Multiple reports have identified the Taliban commander who led a gloating press conference from the presidential palace in Kabul on Sunday as Gholam Ruhani, a suspected intelligence operative arrested by U.S. forces in 2001 and held at Guantánamo Bay until 2007.
Ruhani was one of several Taliban militants who posed with their guns for a “press conference” inside the former Afghan presidential residence on Sunday. Al Jazeera News, the only media team permitted to accompany the Taliban gang into the palace, livestreamed the event. The jihadists recited verses from the Quran during their press conference celebrating conquest in the name of Allah. Al Jazeera interviewed three of the men. One of them spoke English and said he spent eight years imprisoned at Guantanamo Bay.
Numerous counter-terrorism experts identified the English-speaking fighter as Gholam Ruhani, one of the first prisoners to be detained at Guantánamo Bay.
The UK Daily Mail claimed to obtain Ruhani’s files from the U.S. State and Defense Departments and published several pages on Monday. According to these documents, the Taliban commander was born in 1975, raised in southeastern Afghanistan, and sent to Iran by his parents when the Soviets invaded. He returned to Afghanistan “sometime after 1992.”
Ruhani allegedly took a job with the Taliban’s feared Ministry of Intelligence in Kabul in 1996. Police reportedly arrested him in 2001 at a meeting with American officials seeking the whereabouts of Mullah Omar, the Taliban’s one-eyed founder and spiritual leader.

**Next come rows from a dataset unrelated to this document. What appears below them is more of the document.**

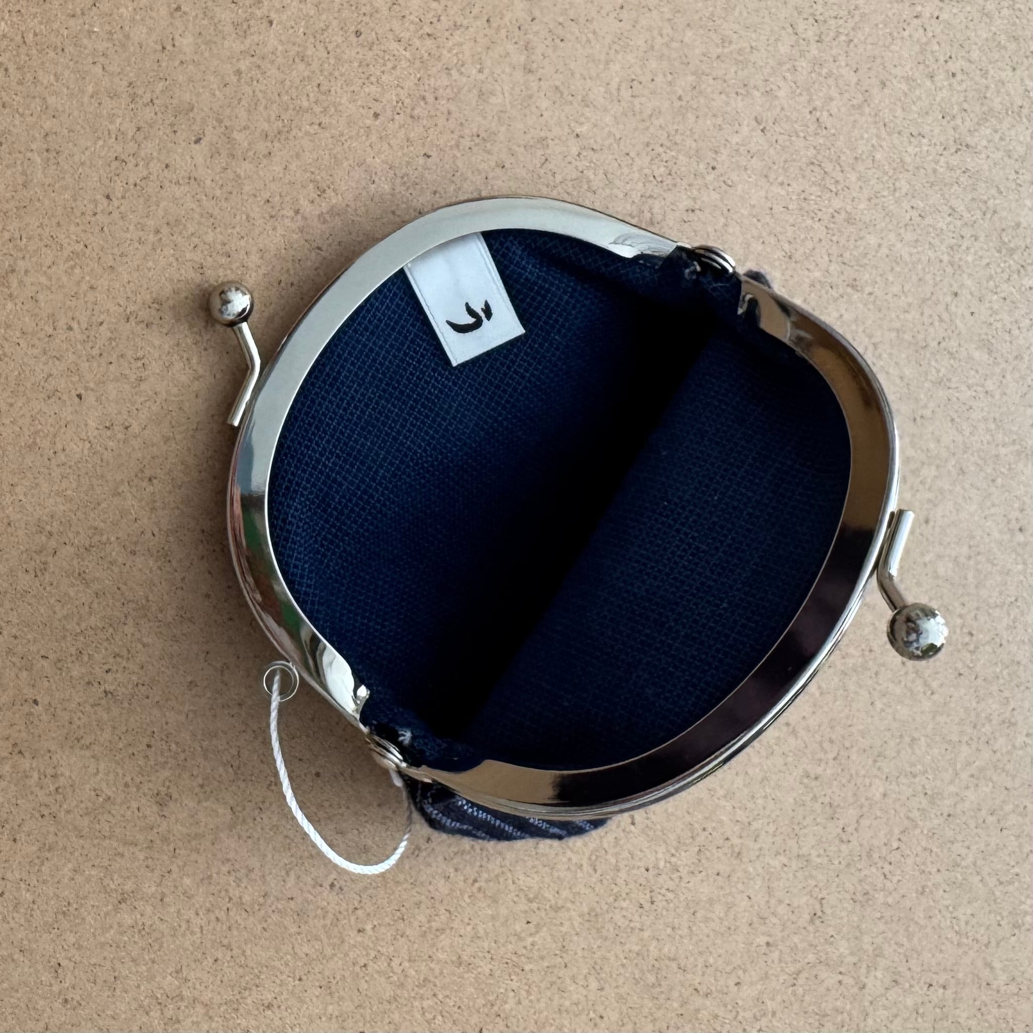 小銭入れはもちろん、イヤフォンや目薬などの携帯する小物を入れるのにちょうどいい大きさです。裏地には無地の久留米絣を使用しています。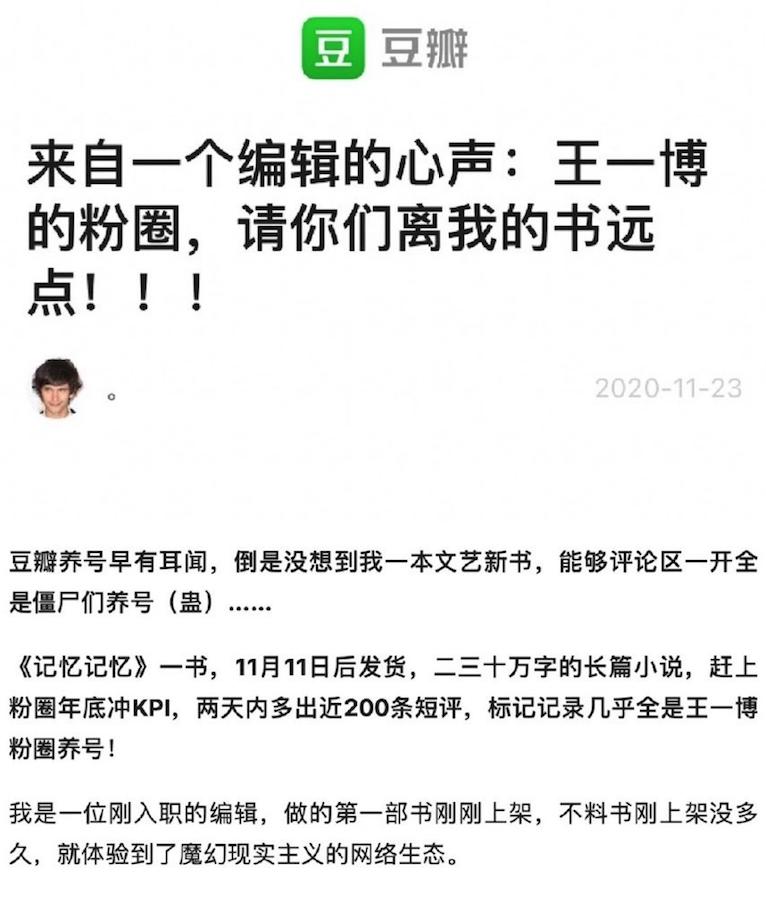 《心声》是文艺小说《记忆记忆》的编辑所写,控诉了艺人王一博的粉丝在豆瓣养号,而位于豆瓣手机页面新书推荐首位的《记忆记忆》则成为了被粉丝刷屏的“重灾区”,在两天内多出近200条无关的短评。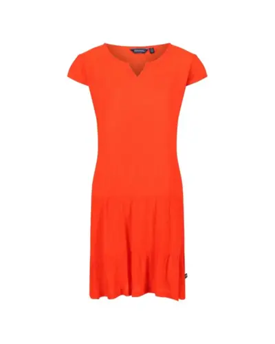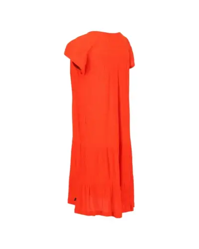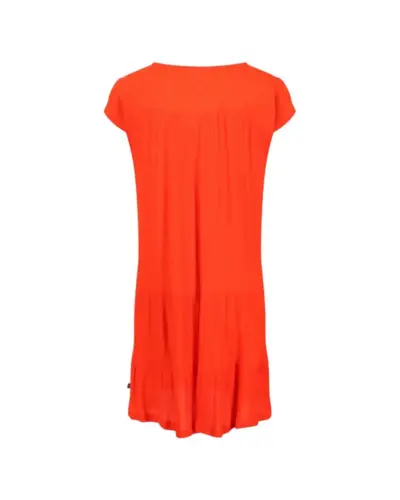női ruha, Ráncolt 100% viscose anyag (színtől függő anyagösszetétel), Hímzett Coolweave 100% fenntartható pamut anyag (színtől függő anyagösszetétel), V szegés a nyakkivágásnál, Rövid ujjak, Derékrészen megköthető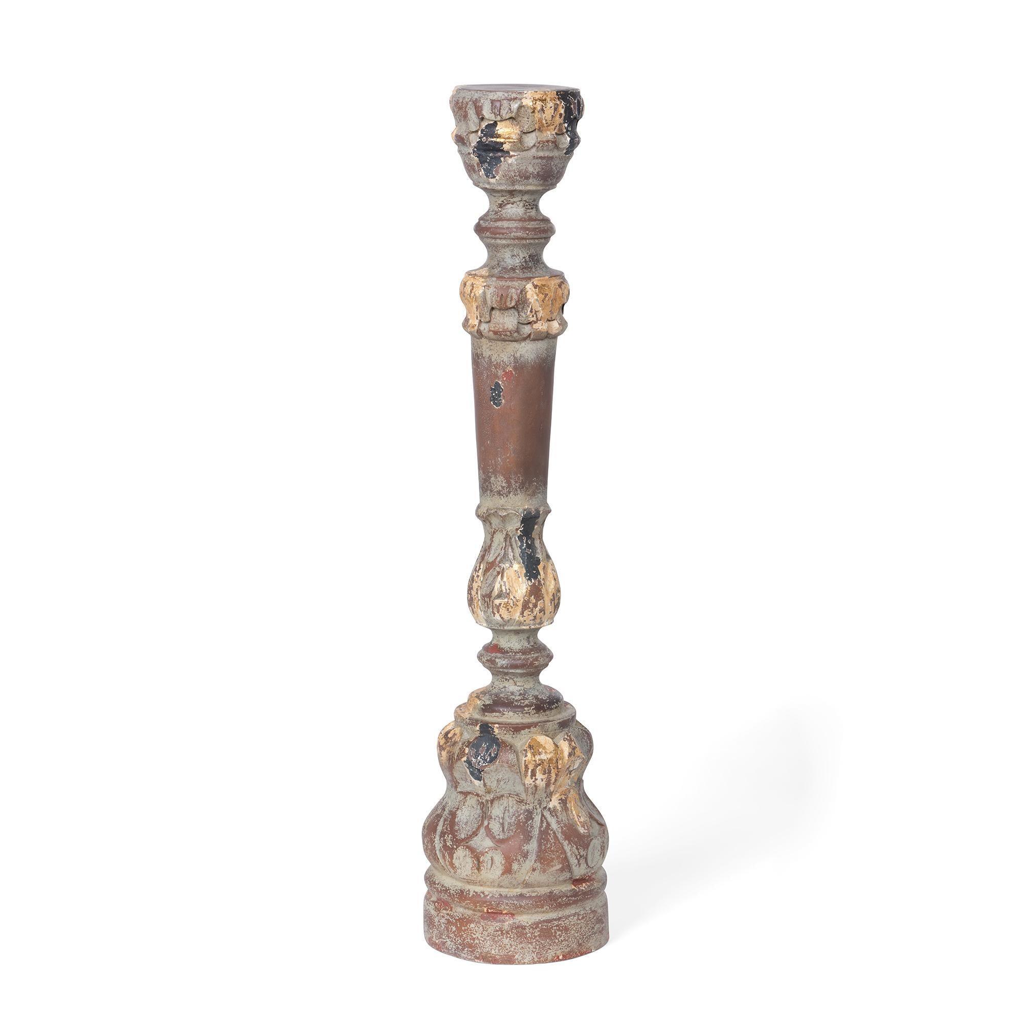 Our Delgado Carved Wood Candle Holder collection is a beautiful assortment of intricately carved and painted candlesticks. These destressed pieces are substantial, yet elegant, making them a striking design element for stately homes and upscale events. The 28” candle holder has a curved pedestal base and detailed column structure. Its capital supports a 2” pillar candle.

According to the documents, Ruhani said his brother-in-law was the chief of intelligence for the Taliban, although he later claimed he only said that to impress the Americans. Once in custody, he claimed he only took a low-level security position to avoid getting conscripted into front-line combat duty, only worked for the Taliban once every two weeks or so as a driver or street police officer, and spent most of his time running a shop.
The documents claim U.S. officials concluded Ruhani was downplaying his role within the Taliban and judged him to be a “threat to the U.S., its interests, and allies.”
Ruhani was therefore shipped to Guantánamo, where he “committed 15 disciplinary infractions including threatening guards and stuffing his flip flops down the sink but never committed any violence,” according to the Daily Mail.
On one documented occasion in 2005, Ruhani told a Guantánamo Bay guard, “We will get you on the outside.” He constantly denied having any ties to al-Qaeda or any knowledge of the 9/11 attacks.
“The detainee claims to be no more than a simple shopkeeper who helped Americans. The detainee stated that his only wish was to return to Afghanistan and assist his father, who is sick, in operating the family appliance store in Kabul,” the Defense Department report on Ruhani stated.
The Pentagon evaluated Ruhani as a “medium” security risk at the time of his release and said he would likely rejoin “anti-coalition militia entities” upon returning to Afghanistan. He presented himself as a military commander when he spoke with Al Jazeera in the presidential palace on Sunday. His U.S. lawyer said she never spoke to him again after he was released in 2007.
The New York Post on Monday identified another current Taliban official, Mullah Khairullah Khairkhwa, as one of the Guantánamo detainees released by President Barack Obama in exchange for deserter Bowe Bergdahl in 2014. The Obama administration promised it would take steps to prevent the freed “Taliban Five” from returning to the battlefield, and angrily denied later reports that the Five had resumed active leadership positions with the terrorist organization.
Khairkhwa was reportedly one of the Taliban leaders who met with President Joe Biden’s envoy to Afghanistan in Moscow earlier this year to negotiate the terms of U.S. troop withdrawal. Khairkwha allegedly promised the Biden team the Taliban would not launch a spring military offensive of all U.S. troops were pulled out of Afghanistan, and promised there would be no retaliation against Afghans who worked with the U.S. military.